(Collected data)
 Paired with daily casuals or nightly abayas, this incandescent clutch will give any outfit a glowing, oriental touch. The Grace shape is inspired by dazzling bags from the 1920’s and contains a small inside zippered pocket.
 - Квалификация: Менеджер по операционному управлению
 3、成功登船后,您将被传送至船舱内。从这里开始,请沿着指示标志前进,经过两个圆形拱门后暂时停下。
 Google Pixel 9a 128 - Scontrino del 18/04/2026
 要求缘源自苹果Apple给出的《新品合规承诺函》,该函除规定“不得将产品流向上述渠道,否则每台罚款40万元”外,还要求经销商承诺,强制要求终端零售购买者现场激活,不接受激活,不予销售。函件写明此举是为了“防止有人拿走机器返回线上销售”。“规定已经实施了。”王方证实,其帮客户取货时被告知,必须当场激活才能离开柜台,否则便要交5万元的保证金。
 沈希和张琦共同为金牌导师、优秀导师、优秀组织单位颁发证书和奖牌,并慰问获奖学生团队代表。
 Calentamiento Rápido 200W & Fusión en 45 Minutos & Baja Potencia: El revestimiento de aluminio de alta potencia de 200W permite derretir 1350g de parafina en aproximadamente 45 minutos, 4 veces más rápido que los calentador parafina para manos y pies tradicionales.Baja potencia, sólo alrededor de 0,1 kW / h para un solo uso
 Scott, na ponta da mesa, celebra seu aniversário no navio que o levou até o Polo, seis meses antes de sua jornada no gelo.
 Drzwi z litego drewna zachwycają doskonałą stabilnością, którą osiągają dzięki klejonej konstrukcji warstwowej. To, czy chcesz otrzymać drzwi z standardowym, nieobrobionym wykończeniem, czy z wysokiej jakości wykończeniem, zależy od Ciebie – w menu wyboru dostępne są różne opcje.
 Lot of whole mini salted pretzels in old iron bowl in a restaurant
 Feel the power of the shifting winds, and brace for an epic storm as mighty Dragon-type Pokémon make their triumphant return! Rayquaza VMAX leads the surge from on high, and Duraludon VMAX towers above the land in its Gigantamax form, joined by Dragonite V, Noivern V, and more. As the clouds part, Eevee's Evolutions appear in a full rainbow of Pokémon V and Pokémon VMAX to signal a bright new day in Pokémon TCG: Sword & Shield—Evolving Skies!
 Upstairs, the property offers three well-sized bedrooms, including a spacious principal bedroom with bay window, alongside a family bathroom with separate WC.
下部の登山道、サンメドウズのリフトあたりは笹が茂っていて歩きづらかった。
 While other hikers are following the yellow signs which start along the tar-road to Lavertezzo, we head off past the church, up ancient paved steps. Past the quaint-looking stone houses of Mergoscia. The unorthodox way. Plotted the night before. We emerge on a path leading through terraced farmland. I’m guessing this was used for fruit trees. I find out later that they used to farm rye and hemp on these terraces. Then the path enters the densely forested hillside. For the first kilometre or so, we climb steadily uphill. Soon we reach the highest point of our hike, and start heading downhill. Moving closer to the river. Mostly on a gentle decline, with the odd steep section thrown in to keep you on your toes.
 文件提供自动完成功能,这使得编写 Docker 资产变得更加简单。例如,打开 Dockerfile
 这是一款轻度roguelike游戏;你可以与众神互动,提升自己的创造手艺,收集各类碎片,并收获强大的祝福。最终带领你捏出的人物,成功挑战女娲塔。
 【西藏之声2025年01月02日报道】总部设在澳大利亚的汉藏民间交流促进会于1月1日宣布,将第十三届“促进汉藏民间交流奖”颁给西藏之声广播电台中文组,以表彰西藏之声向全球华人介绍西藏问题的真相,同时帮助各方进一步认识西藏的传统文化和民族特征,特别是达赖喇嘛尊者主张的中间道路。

Brief – With the first line being the one containing "Upstairs, the property" and the last line the one containing "下部の登山道、サンメドウズのリフトあたりは笹が茂っていて歩きづらかった。", transcribe exactly the lines above that fall in that range.

Exercise solution –
 Upstairs, the property offers three well-sized bedrooms, including a spacious principal bedroom with bay window, alongside a family bathroom with separate WC.
下部の登山道、サンメドウズのリフトあたりは笹が茂っていて歩きづらかった。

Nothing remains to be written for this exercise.